Presumed dorsal stream dysfunction was the common feature in the cohort studied. Inaccuracy of visually guided movement (or optic ataxia) of the lower limbs through visual space was seen in every case. In the context of mild spastic diplegia, and peripheral lower visual field loss, it is difficult to know if impaired visually guided movement of the lower limbs was truly an additional feature. However, inability to cross a floor boundary without tactile exploration and the degree of inaccuracy of leg movement were out of keeping with the mobility problems, and both could be manifest despite normal visual fields and in spite of looking directly at the ground. Affected children are helped considerably when they hold onto the elbow of an accompanying person (rather than the hand) in a manner analogous to leading the blind. Constructional dyspraxia has recently been recognised in over 90% of 35 children with preterm diplegia.9 This was not related to stereoacuity. It is possible that the authors are describing a specific dorsal stream disorder especially in the light of their recommendation that books with enough space between the lines are used for education. Children with problems of visual crowding associated with impaired simultaneous perception perform and progress better when small amounts of information are presented sequentially against a plain background. Visual perceptual training may have a role to play.10 Impaired perception of movement is also associated with dorsal stream disturbance and needs to be recognised. The implications concerning both safety in traffic and education are self-evident.

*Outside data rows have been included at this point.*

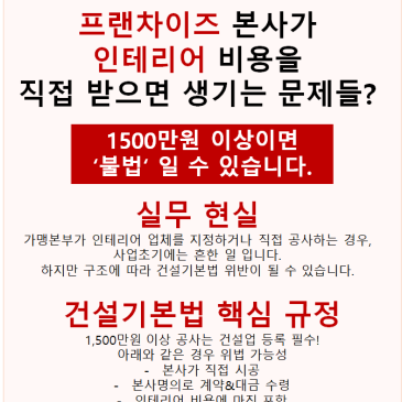 안녕하세요. 더함프랜차이즈개발원입니다. 요즘 프랜차이즈 창업 상담을 하다 보면, 본사가 인테리어 비용을 직접 받는 경우가 많습니다. 사실, 본사가 직접 받아도 법적으로 무조건 문제가 되는 건 아닙니다. 하지만! 일정 금액 이상을 받게 되면 ‘건설산업기본법(건설기본법)’ 위반이 될 수 있다는 점, 알고 계셨나요? 오늘은 프랜차이즈 본사의 인테리어비 수령 방식과 관련된 건설기본법 리스크에 대해 알아보겠습니다. 창업을 준비하시거나 프랜차이즈 시스템을 운영하시는 분들께 꼭 필요한 정보입니다. 저희는 가맹거래사로서 정보공개서, 가맹계약서 작성은 물론 프랜차이즈 등록까지 돕는 일을 하고 있습니다. 그러다 보니 인테리어, .......
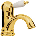 Назначение: для умывальника • Конструкция: однорычажный • Монтаж: горизонтальный • Материал: покрытие - золото • Монтажные отверстия: 1 отверстие • Форма излива: традиционная • Душевая лейка в комплекте: нет • Донный клапан в комплекте: есть
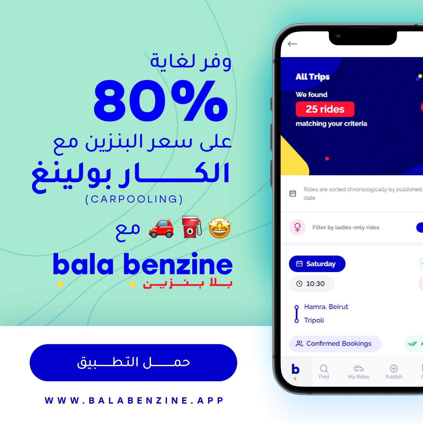 لمعرفة اكثر حول تطبيق Bala Benzine وتحميله، يمكن الضغط على الرابط التالي: http://www.balabenzine.app
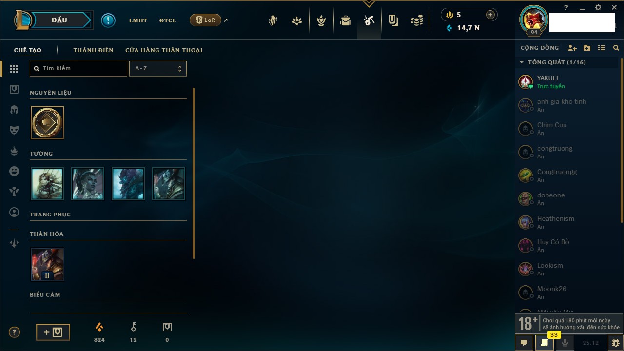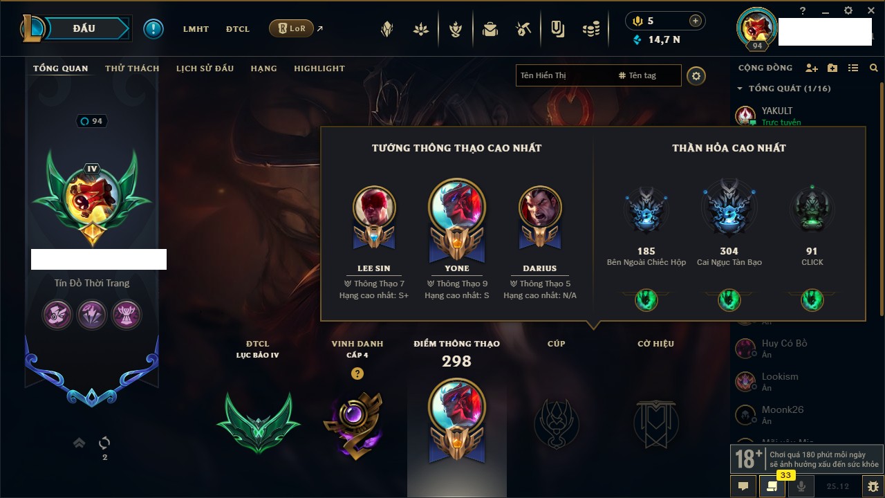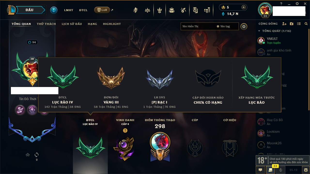 Rank Đơn: Bạch Kim IVKhung: Bạch kimTướng: 171 - Còn 154285 THXTrang Phục: 169Rank ĐTCL: Bạch Kim IILinh Thú: 60
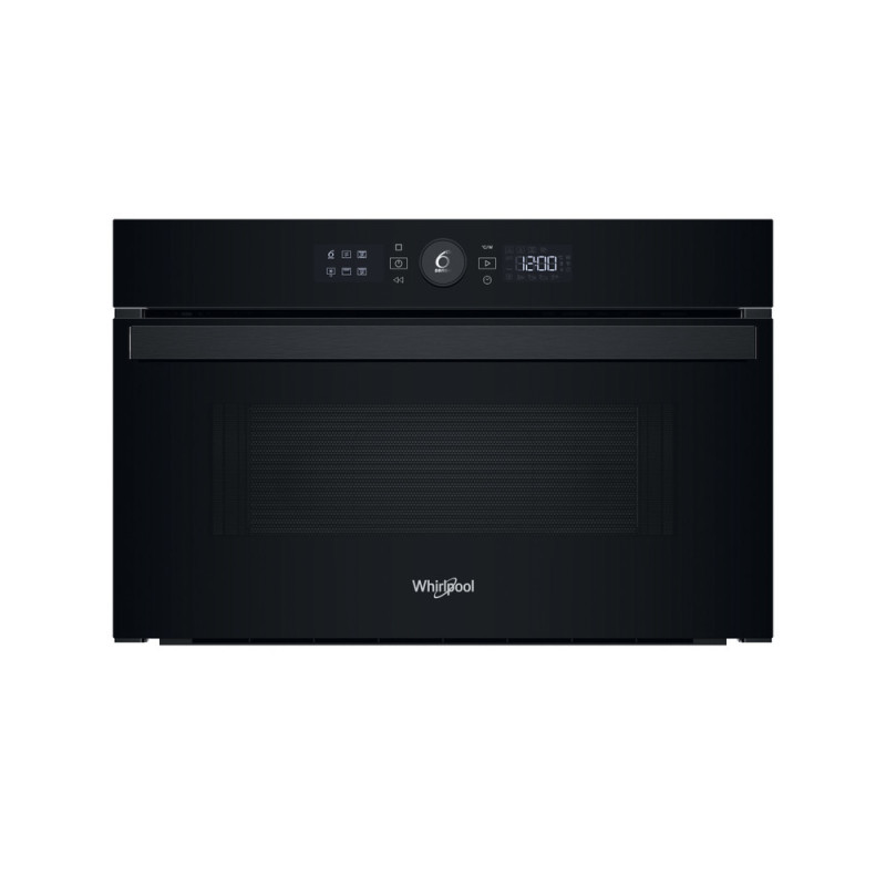 Whirlpool WMD44MB — built-in microwave oven 31 L with electronic touch + rotary control, 1000 W microwave power and 800 W quartz grill. Supports 7 power levels, automatic modes (reheat, cooking, defrost, grill+microwave, Crisper, special programs: potato, meat, vegetables, pizza, popcorn, etc.). Stainless steel interior, timer, child lock, door opens downward, 32.5 cm turntable. Black body, dimensions 38.5 × 59.5 × 46.8 cm (niche 38–38.2 × 55.6–56.8 × 55 cm). Reliable and feature-rich model for modern kitchens with full grill function.

A number of the children in this study had not undergone imaging and reliance was placed on the clinical diagnosis. This was primarily because it was not felt appropriate by the parents or attending paediatrician to employ general anaesthesia to obtain information, which would not significantly influence management. In those who had undergone imaging PVL was the commonest abnormality. This accords with a similar observation that thinning of the parietal and/or occipital white matter has been observed in children with preterm diplegia and visuospatial cognitive deficits.4,11 So far, we have not found it possible to relate symptoms to the results of imaging.

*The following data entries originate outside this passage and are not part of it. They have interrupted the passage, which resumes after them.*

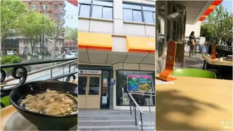 新亚大包(兴国路店),在网红打卡景点武康大楼的对面。当地居民说,店铺已经在这里开了三十多年。时至今日,店铺已经做了颇多适应时代的改进,比如大幅的玻璃幕墙可以让靠窗的顾客直接望到武康大楼的全貌,广告牌上的图案和字样都由复古又时尚的彩色灯管组成,室外座椅区可以沿街就餐,门店也改称“线下体验店”……
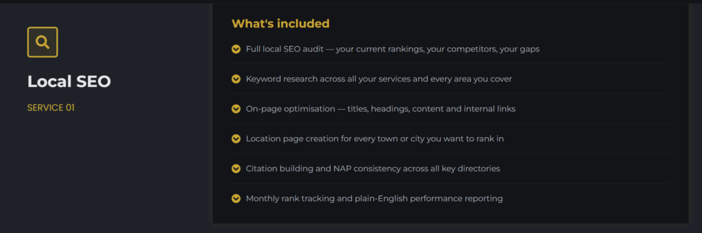 Their work falls into three core areas that every website needs to perform well in search. On-page SEO means optimising your page titles, headings, meta descriptions, and content for the right search terms. Off-page SEO focuses on earning quality backlinks that build your website’s authority in Google’s eyes.
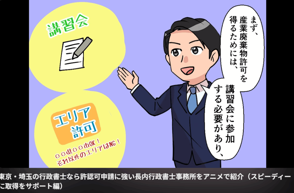 引用:東京・埼玉の行政書士なら許認可申請に強い長内行政書士事務所をアニメで紹介(スピーディーに取得をサポート編)
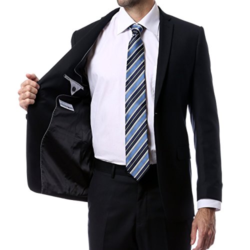 Look sleek and stylish while being the definition fashionable Slim Fitting suit made by Zonettie. By no means does it's low cost reflect it's high fashion value, nor does it mean it lacks in quality. This is a high quality suit as you can note from the excellent feedback. We import these suits ourselves and cut out the middleman in order to pass along the savings. You would normally see a suit of this quality sold in better men's stores for at least twice the price, and we add the convenience of even needing to go to the store to pay higher prices!! Each suit features 2 Button jacket closures with 2 side vents as well as matching flat front trousers that compliment the jacket to achieve a perfect sleek and elegant look. The matching trousers feature vertical side pockets and 2 standard back pockets and come un-hemmed to allow for custom tailoring. A classic yet slim fitting suit creates a look that is PERFECT for any business or social engagement. Made from a SUPER SOFT 65% Polyester & 35% Viscose blend fabric. The suit is extremely versatile as the jacket can also be worn as a blazer an complimented with a pair of jeans. You can get a dress look and a casual look without sacrificing fashion.

In conclusion, symptomatology consistent with presumed dorsal stream pathology appears to be common in children with cerebral visual impairment and may be associated with ventral stream dysfunction. In future, structured investigation of this presumed pathology is warranted, including objective assessment of thresholds for perception of complex visual imagery and quantitative investigation of the accuracy of both upper and lower limb movement through three-dimensional visual space along with appropriate neuroradiological imaging. A clinical approach which recognises the difficulties experienced by these children and their families and which suggests strategies that help12 is important because such children are then no longer criticised for their poor performance. Instead, appropriate measures are taken to help them.